In short, within four hours of any meal, nutrients stop being carried to your hair. So, if you want to up your hair health, a consistent supply of snacks, rather than three distinct large meals, might be your answer.

“As hair is non-essential tissue, it’s the last part of our body to benefit from what we eat and the first to suffer when our diet is lacking. A balanced diet containing all essential food groups is therefore essential,” says Anabel.

Before you stock up on Oreos, check out her recommended snacks:

“My favorites are kale and quinoa crackers, rice cakes topped with smoked salmon, pears, popcorn, tortilla chips with guacamole and honey oat granola bars.”

Best food for hair growth

Fitting with the classic advice that breakfast is the most important meal of the day, Anabel emphasizes the importance of a hearty, nutritious breakfast and lunch.

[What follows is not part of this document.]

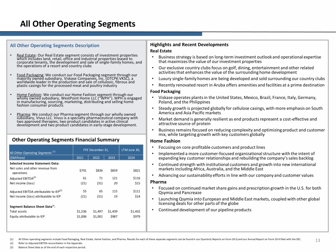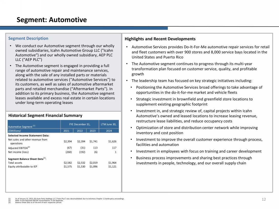 Highlights and Recent Developments • Automotive Services provides Do - It - For - Me automotive repair services for retail and fleet customers with over 900 stores and 8,000 service bays located in the United States and Puerto Rico • The Automotive segment continues to progress through its multi - year transformation plan focused on customer service, quality, and profitable growth • The leadership team has focused on key strategic initiatives including: • Positioning the Automotive Services broad offerings to take advantage of opportunities in the do - it - for - me market and vehicle fleets • Strategic investment in brownfield and greenfield store locations to supplement existing geographic footprint • Investment in, and strategic review of, capital projects within Icahn Automotive’s owned and leased locations to increase leasing revenue, restructure lease liabilities, and reduce occupancy costs • Optimization of s tore and distribution center network while improving inventory and cost position • Investment to improve the overall customer experience through process, facilities and automation • Investment in employees with focus on training and career development • Business process improvements and sharing best practices through investments in people, technology, and our overall supply chain Segment Description • We conduct our Automotive segment through our wholly owned subsidiaries, Icahn Automotive Group LLC ("Icahn Automotive") and our wholly owned subsidiary, AEP PLC LLC (“AEP PLC”) • The Automotive segment is engaged in providing a full range of automotive repair and maintenance services, along with the sale of any installed parts or materials related to automotive services (“Automotive Services”) to its customers, as well as sales of automotive aftermarket parts and retailed merchandise (“Aftermarket Parts”). In addition to its primary business, the Automotive segment leases available and excess real estate in certain locations under long - term operating leases 12 Segment: Automotive Historical Segment Financial Summary (1) As of January 31, 2023, IEH Auto Parts Holdings LLC (“Auto Plus”) was deconsolidated due to voluntary Chapter 11 bankruptcy p roc eedings. (2) Refer to the Adjusted EBITDA reconciliations in the Appendix . (3) Balance Sheet data as of the end of each respective period . ($Millions) 2021 Selected Income Statement Data: Net sales and other revenue from operations $2,394 $2,394 $1,741 $1,626 Adjusted EBITDA (2) (67) (31) 113 117 Net income (loss) (260) (192) (6) 1 Segment Balance Sheet Data (3) : Total assets $2,582 $2,532 $2,019 $1,964 Equity attributable to IEP $1,575 $1,530 $1,096 $1,121 Automotive Segment (1) FYE December 31, LTM June 30, 20242022 2023

“Breakfast and lunch are the most important meals of the day for your hair, as it’s when energy requirements are at their highest. The perfect breakfast: Smashed avocado on toast with two poached eggs and a side of fresh berries. The perfect lunch: A mixed salad with salmon and new potatoes and a side of fruit.”

Which nutrients are best for hair overall?

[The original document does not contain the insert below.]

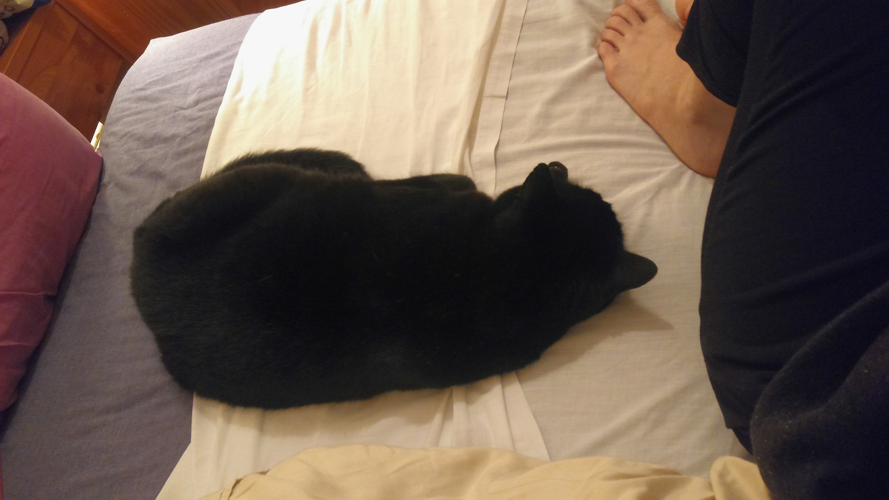 이 집엔 고양이 한 마리가 살았다. 새미처럼 검은 고양이였다. 종일 시내를 구경하고 돌아와 씻으려 하는데 내가 복도로 나온 틈에 야옹야옹 하며 내방으로 쏙 들어갔다. 그러더니 성큼 전기장판을 틀어놓은 침대 위로 올라앉았다. 내보내려 문을 열었지만, 원래 자기 자리였는지 나가질 않았고 복도의 찬바람을 계속 들여놓을 수 없어 문을 닫았다. 그런데 이 녀석, 내가 낯설지도 않은지 본격적으로 네 다리를 쭉 펴고 엎드린다.

Anabel says that if she were to choose just three food groups to focus on for healthy hair, she would pick protein, foods rich in iron and complex carbohydrates. Here’s her breakdown:

Protein:

“Your hair is made of protein, and protein-rich foods help to ensure strands are strong. Great examples are eggs, fish, lean meat and low-fat cottage cheese. For vegans/vegetarians, almonds, quinoa and tofu are good options. In terms of how much protein you should eat, add around a palm sized portion to your breakfast and lunch.”

Complex Carbohydrates:
“Hair cells are the second fastest growing cells the body produces, meaning they require a steady supply of energy to grow. Complex carbohydrates provide a slow and sustained release of energy.”

Iron:
“Ferritin (stored iron) helps to keep hair in the growth phase. The best sources of iron are red meats … If you do not eat red meat, or already have low iron levels, take an iron supplement.”